# [Entries taken from a collection]
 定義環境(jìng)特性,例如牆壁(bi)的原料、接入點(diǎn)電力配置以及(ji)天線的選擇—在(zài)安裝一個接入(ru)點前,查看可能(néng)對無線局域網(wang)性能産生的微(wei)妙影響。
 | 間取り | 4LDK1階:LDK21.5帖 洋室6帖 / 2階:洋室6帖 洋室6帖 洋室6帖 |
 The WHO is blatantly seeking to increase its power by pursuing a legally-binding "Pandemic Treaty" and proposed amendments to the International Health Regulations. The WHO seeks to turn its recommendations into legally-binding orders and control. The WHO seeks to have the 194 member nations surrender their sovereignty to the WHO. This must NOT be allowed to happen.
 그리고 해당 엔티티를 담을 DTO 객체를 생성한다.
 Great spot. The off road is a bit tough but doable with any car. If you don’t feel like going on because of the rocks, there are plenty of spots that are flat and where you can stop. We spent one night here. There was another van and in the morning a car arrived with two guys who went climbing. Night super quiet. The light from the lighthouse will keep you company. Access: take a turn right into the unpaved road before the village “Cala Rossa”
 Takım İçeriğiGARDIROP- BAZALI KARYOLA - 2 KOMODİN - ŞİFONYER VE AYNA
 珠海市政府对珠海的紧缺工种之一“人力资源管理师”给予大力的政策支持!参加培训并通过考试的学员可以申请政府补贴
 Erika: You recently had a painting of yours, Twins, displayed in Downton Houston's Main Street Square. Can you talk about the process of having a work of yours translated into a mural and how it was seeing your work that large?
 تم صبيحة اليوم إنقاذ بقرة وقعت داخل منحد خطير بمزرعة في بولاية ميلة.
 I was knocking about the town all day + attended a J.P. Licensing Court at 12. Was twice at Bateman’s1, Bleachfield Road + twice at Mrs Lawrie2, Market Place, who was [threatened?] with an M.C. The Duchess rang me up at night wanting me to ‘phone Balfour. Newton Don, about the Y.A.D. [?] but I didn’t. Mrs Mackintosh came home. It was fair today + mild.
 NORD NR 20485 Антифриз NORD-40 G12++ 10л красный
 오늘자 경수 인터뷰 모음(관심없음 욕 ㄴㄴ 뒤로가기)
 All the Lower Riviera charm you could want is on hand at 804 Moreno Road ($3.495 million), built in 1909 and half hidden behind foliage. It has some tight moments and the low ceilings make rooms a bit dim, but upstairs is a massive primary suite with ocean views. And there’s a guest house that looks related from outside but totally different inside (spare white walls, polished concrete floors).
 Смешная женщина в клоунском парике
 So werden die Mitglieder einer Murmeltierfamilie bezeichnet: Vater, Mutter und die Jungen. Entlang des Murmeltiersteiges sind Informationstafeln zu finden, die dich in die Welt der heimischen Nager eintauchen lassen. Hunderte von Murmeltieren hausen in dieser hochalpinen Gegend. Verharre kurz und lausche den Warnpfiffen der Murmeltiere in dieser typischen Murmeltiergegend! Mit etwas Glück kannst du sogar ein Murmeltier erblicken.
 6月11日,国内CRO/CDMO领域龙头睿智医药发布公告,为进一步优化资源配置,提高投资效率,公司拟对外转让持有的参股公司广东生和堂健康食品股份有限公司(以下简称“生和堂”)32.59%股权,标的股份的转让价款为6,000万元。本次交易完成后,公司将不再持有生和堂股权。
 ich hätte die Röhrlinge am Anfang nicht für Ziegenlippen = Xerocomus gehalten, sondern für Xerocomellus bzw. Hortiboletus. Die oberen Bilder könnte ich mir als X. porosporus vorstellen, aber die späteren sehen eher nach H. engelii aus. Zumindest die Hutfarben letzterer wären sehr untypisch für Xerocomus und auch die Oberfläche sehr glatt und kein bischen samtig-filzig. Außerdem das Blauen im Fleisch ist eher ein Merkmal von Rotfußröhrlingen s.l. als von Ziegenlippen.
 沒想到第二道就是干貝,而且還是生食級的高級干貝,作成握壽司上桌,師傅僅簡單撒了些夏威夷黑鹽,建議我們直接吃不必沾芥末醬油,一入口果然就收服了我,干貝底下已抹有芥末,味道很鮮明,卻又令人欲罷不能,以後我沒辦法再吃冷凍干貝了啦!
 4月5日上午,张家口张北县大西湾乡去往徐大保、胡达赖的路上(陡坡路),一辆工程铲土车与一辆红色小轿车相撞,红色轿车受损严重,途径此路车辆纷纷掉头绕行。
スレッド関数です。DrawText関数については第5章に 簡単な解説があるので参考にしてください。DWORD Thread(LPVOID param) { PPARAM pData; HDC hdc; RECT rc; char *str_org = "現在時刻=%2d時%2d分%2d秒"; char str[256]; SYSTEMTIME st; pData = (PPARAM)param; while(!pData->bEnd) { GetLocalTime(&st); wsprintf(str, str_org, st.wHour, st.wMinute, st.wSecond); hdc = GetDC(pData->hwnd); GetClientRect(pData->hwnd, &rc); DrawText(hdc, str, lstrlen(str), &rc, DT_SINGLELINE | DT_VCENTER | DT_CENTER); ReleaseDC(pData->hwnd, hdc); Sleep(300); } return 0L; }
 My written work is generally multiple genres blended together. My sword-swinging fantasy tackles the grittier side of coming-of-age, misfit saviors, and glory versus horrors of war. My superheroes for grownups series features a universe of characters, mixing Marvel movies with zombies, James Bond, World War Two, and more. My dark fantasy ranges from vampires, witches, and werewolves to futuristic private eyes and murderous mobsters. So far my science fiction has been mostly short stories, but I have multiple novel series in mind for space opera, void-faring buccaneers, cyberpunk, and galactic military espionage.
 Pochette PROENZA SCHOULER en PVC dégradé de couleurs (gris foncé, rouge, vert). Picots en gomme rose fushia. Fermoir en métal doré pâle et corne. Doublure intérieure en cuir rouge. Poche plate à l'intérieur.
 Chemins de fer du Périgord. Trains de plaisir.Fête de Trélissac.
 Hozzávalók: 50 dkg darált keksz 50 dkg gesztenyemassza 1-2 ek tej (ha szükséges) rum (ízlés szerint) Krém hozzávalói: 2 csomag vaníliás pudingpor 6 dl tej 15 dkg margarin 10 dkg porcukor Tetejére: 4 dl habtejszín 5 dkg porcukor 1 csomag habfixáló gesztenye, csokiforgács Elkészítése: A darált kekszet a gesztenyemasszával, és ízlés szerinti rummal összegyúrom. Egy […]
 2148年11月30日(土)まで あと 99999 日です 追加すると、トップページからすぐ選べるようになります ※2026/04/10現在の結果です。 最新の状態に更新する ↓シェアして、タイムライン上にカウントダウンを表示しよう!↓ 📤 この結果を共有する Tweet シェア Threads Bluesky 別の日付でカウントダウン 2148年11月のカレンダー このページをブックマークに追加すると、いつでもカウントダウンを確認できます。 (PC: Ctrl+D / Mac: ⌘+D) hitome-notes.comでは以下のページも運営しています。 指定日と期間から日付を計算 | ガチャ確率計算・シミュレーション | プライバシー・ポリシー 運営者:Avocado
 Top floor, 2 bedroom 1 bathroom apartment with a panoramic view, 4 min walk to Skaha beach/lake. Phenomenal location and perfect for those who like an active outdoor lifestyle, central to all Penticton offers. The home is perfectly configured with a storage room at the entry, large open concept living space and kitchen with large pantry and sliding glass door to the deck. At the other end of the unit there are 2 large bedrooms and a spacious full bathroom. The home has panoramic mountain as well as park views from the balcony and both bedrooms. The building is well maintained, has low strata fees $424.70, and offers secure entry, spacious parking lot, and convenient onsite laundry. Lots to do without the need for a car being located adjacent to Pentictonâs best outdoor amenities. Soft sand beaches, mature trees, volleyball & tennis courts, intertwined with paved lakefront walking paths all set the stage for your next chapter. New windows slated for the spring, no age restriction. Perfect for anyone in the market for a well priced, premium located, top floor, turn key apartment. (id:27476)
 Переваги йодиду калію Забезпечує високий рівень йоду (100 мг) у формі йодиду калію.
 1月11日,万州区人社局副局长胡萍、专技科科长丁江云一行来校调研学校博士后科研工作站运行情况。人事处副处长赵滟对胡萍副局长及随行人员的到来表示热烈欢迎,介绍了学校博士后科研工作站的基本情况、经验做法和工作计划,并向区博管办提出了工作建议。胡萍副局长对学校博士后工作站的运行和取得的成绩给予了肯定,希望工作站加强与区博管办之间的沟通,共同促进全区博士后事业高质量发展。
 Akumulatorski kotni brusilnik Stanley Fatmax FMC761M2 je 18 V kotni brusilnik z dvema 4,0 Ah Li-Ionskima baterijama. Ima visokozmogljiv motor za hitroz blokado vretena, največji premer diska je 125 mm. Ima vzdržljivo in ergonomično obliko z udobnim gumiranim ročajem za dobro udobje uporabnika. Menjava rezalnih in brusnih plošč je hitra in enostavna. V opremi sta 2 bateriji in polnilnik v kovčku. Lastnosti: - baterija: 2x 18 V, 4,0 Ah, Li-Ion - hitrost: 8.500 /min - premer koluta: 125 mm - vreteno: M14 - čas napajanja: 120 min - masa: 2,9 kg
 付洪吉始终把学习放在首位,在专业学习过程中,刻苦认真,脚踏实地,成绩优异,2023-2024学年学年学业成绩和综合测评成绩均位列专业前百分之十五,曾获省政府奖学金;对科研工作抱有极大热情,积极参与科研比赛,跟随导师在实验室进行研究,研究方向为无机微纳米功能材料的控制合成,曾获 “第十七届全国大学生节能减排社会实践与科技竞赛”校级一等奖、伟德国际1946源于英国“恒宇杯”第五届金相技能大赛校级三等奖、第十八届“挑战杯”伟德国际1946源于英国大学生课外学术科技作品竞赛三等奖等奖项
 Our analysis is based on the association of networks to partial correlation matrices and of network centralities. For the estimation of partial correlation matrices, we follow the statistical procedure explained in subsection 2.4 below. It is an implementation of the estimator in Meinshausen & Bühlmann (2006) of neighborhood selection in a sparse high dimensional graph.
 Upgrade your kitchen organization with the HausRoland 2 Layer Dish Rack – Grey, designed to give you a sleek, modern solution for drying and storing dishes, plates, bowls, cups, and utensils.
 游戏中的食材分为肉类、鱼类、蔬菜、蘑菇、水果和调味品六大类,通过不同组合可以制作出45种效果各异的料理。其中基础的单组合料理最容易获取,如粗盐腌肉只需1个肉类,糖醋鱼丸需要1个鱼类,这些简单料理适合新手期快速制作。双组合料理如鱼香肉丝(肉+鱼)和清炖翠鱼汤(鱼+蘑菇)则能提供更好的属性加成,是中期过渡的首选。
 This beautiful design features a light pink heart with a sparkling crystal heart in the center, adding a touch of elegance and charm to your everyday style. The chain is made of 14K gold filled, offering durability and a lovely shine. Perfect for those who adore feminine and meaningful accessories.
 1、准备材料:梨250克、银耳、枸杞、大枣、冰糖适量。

# [DIRECTIONS]
Above are the records; copy exactly the lines from the line with "Смешная женщина в клоунском парике" through the line with "6月11日,国内CRO/CD", both included.

# [WRITTEN RESPONSE]
 Смешная женщина в клоунском парике
 So werden die Mitglieder einer Murmeltierfamilie bezeichnet: Vater, Mutter und die Jungen. Entlang des Murmeltiersteiges sind Informationstafeln zu finden, die dich in die Welt der heimischen Nager eintauchen lassen. Hunderte von Murmeltieren hausen in dieser hochalpinen Gegend. Verharre kurz und lausche den Warnpfiffen der Murmeltiere in dieser typischen Murmeltiergegend! Mit etwas Glück kannst du sogar ein Murmeltier erblicken.
 6月11日,国内CRO/CDMO领域龙头睿智医药发布公告,为进一步优化资源配置,提高投资效率,公司拟对外转让持有的参股公司广东生和堂健康食品股份有限公司(以下简称“生和堂”)32.59%股权,标的股份的转让价款为6,000万元。本次交易完成后,公司将不再持有生和堂股权。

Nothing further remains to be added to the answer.